Still, the approach is notable because it accepts that AI has changed the game. The response is not to pretend automated vulnerability research can be rolled back, but to improve the defenses of the people now dealing with its consequences.
Potential benefits
- Reduced burden from noisy or low-quality vulnerability reports
- Faster identification of high-severity flaws
- Better code hygiene and stronger test coverage
- Practical exposure to AI tools for maintainers
- Improved long-term security resilience
Potential limits
- Only a small share of projects can be handled intensively at once
- Volunteer maintainers still face ongoing workload constraints
- AI-generated reports may continue to outpace human review capacity
- Long-term sustainability depends on whether projects can keep using the tools
A snapshot of the announcement
| Item | Details | Why it matters |
|---|---|---|
| GPT-5.5-Cyber update | Improved checkpoint under OpenAI’s limited trusted-access cyber program | Shows OpenAI is refining high-end security models without public release |
| Codex Security plugin | Security scanner now available as an app plugin | Expands deployment options for development and security teams |
| Patch the Planet | Open-source security initiative with Trail of Bits, HackerOne and Calif | Aims to help maintainers find and patch vulnerabilities faster |
| Participating projects | More than 30 open-source projects at launch | Signals broad interest and immediate demand |
| Early output | Hundreds of bugs found, dozens of patches produced in week one | Suggests AI-assisted security workflows can generate rapid results |
| CyberGym score | GPT-5.5-Cyber at 85.6%, ahead of Anthropic’s Mythos 5 at 83.8% | Highlights competition in model capability claims |
The bigger story: AI security is becoming infrastructure work
For years, AI security debates were often framed around theoretical misuse, abstract alignment concerns or headline-grabbing red-team demonstrations. The conversation is changing. The immediate problem is now much more operational: who will defend the software stack when AI can hunt for flaws faster than many volunteer communities can respond?
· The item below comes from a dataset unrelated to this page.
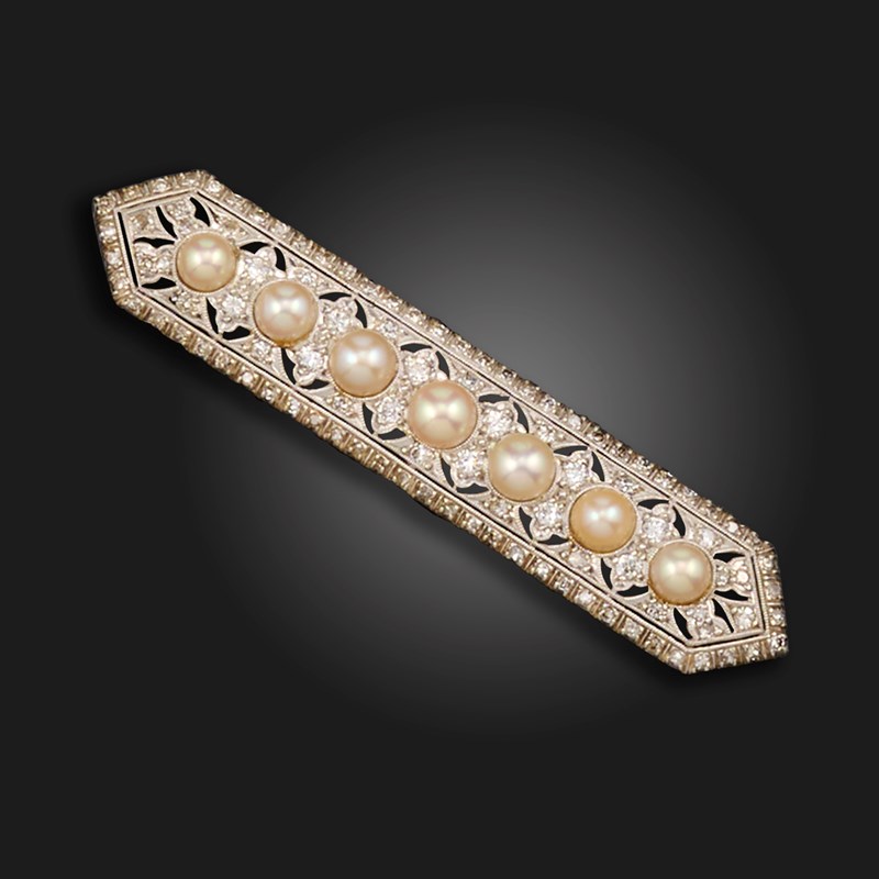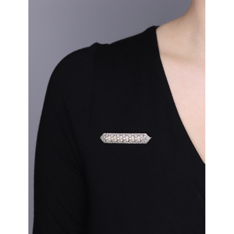A pearl and diamond bar brooch

OpenAI’s latest move suggests the company sees an opportunity to define itself as part of the answer. By pairing model development with practical support for maintainers, it is trying to show that AI security is not only about building more powerful systems, but about integrating those systems into the messy reality of software maintenance.
That is also where the competition with Anthropic becomes strategically important. The race is not just for benchmark leadership or model prestige. It is for trust among governments, enterprises and developers who want strong defenses without unleashing new attack vectors.
If Patch the Planet succeeds, it could become a template for how AI vendors support the open-source projects that keep digital infrastructure functioning. If it falls short, it will still highlight the scale of the challenge: AI is transforming cyber defense faster than many of the people responsible for maintaining the world’s software can adapt.
For now, the message from OpenAI is clear. It wants to be seen not only as a builder of frontier systems, but as a company trying to harden the software ecosystem against the very tools it helped advance.